I recently wrote about Agile Scrum – Part 1 The Daily Scrum, in an attempt to dispel some myths and hopefully give tips on how to better use the Agile Scrum framework. Here in part 2, I’m going to talk about the team. Who is included, and who isn’t. And why that’s important.
By definition, the Agile scrum team consists of the Product Owner, the Dev Team, and the Scrum Master.
Product Owner – firstly, notice that is singular. Not product owners, just product owner. One of the main reasons for this is that the product owner is responsible for the backlog. They are responsible for the content of the backlog and the priority of the backlog. They are responsible for bringing together (and winnowing out) stakeholder feedback.
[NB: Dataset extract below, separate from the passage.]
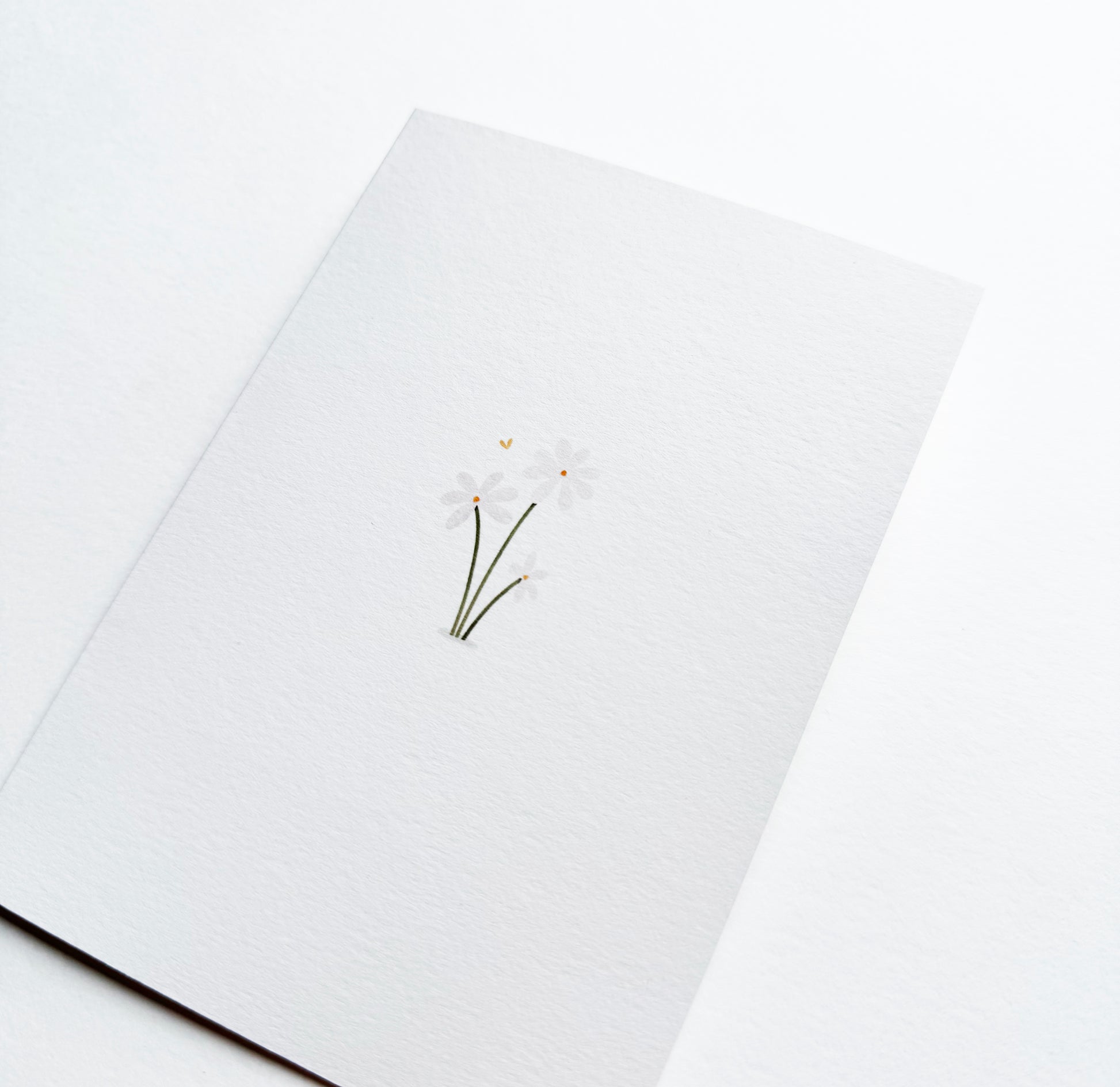 De kaart is gedrukt op prachtig off-white papier met lichte textuur, is leeg aan de binnenzijde en komt met een licht grijze envelop.

Note, the stakeholders are NOT part of the team. They attend reviews and provide feedback THROUGH the product owner.
A single product owner eliminates the issue of “death by committee”. A single product owner eliminates issues where one stakeholder tells the developer to do it one way, and five minutes later another stakeholder tells the developer to do it another way.
Nightmare scenario: where all of the stakeholders are deemed to be product owners. This guarantees too many meetings, lasting way too long. Decisions will be made and unmade (and made again), wasting everyone’s time and prolonging the project.
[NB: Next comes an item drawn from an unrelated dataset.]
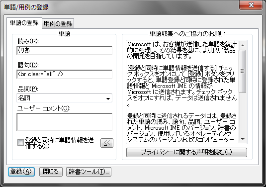 タグを辞書に登録すると、簡単に呼び出して書く事が出来ます。

The Dev Team – a bit of a misnomer here, in that the “dev” team is anyone who is doing the work of making the stories into reality. Sure, that can certainly include developers, but it can also include QA folks, designers, architects, etc.
Ideally, team members will be generalists. This helps when tasks aren’t getting completed within the sprint and can be shuffled to other members, as well as knowledge-sharing. It also helps to avoid bottlenecks.
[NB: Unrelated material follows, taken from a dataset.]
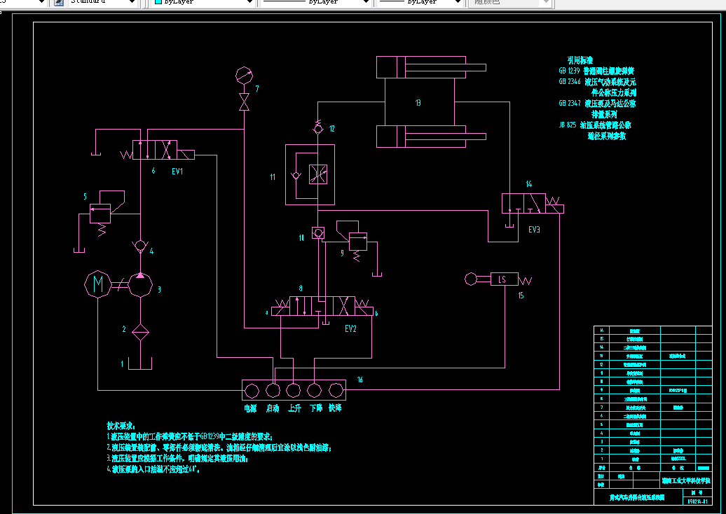 整机的液压系统图油路各自拟订好的控制回路及液压源组合而成。各回路相互组合时去掉重复多余的元件,力求系统结构简单。注意各元件间的联锁关系,避免误动作发生。要尽量减少能量损失环节,提高系统的工作效率。为了便于液压系统的维护和监测,在系统中的主要路段要装设有必要的监测元件,如压力表,温度计等。在设计中可以考虑在关键部位,附设备用件,以便意外事件发生时能迅速更换,保证主机连续工作。各液压元件采用国产标准件,在图中按国家标准规定的液压元件职能符号的常态位置绘制。对于自行设计的非标准元件可用结构原理图绘制

The Scrum Master – as mentioned in Part 1, the scrum master’s job is to remove blocks. Dev team is stuck because of access? Scrum Master gets the team access. The Scrum Master also makes sure meetings are time-boxed and on topic, and just generally makes sure the Agile Scrum framework is being followed.
Team size – 3-9 members. Teams that are too large eliminate all the benefits of communication that Agile Scrum provides. Coordination of time, code, meetings, etc becomes too difficult with larger teams. Information is no longer as easy to disseminate and share. Teams that are too small can lack the necessary general skills to be flexible.
Nightmare scenario: 15 people attending a daily scrum that lasts over an hour.
Scrum teams work because they can self-organize. (Remember what I said in the last post, Agile Scrum should NOT be micro-management). Self-organized teams are efficient and motivated. Having too many members and members not executing their roles correctly can kill self-organization, and therefore kill efficiency and motivation. Don’t be an efficiency-killer!